Subdivision development now centered

Five years after public opposition shut it down, a planned subdivision between Porter Creek and Yukon College is back on the table.

Five years after public opposition shut it down, a planned subdivision between Porter Creek and Yukon College is back on the table.

Called Porter Creek D, the development generally looks like a 400-unit residential community, parallel to McIntyre Creek, tucked in between Mountainview Drive and the Alaska Highway.

Concerns about wildlife and recreation in the area killed the proposal in 2005.

Today, environmental concerns will make the project fly, said Mike Gau, Whitehorse’s manager of planning and development services.

“In some ways, we have the same values,” he said.

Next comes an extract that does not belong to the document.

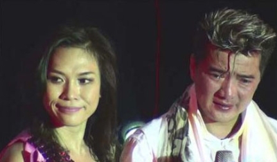Mỹ Tâm bên cạnh Đàm Vĩnh Hưng với khuôn mặt bàng hoàng sau khi bị tấn công. Ảnh: MercuryNews.
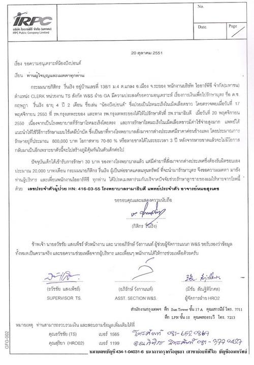 กระผมนายกิติกร รื่นเริง ผู้เป็นพ่อขาดแคลนทุนทรัพย์ ที่จะนำมารักษาบุตร จึงขอความเมตตามายังท่านผู้บริหาร และเพื่อนพนักงาน ไออาร์พีซี ทุกท่าน

The city doesn’t want to destroy more wild land, so it has decided to develop in the city.

The proposed site for Porter Creek D is only about three kilometres from the geographical city centre, he said.

The exact centre of Whitehorse is atop Two Mile Hill.

The idea is to keep our urban development contained, said Gau, for the sake of environmental protection.

“Our philosophy is that the bigger environmental gain is by protecting the larger, undisturbed areas and keeping the disturbed areas contained,” he said. “The area’s largely impacted right now by humans, through recreation, through past roads. There’s a water pipeline running through the area already, there are power lines. A lot of the infrastructure is nearby or even in place.”

The municipal and territorial governments have just approved an agreement to start planning the project.

But that doesn’t mean the subdivision will be built, Gau said.

Everything that was done in 2005 will need to be reviewed and revised, he said.

Consultation will be conducted by the firm planning the project, he added.

It’s important to do this right, said Coun. Ranj Pillai, noting groups like the Yukon Conservation Society should be included.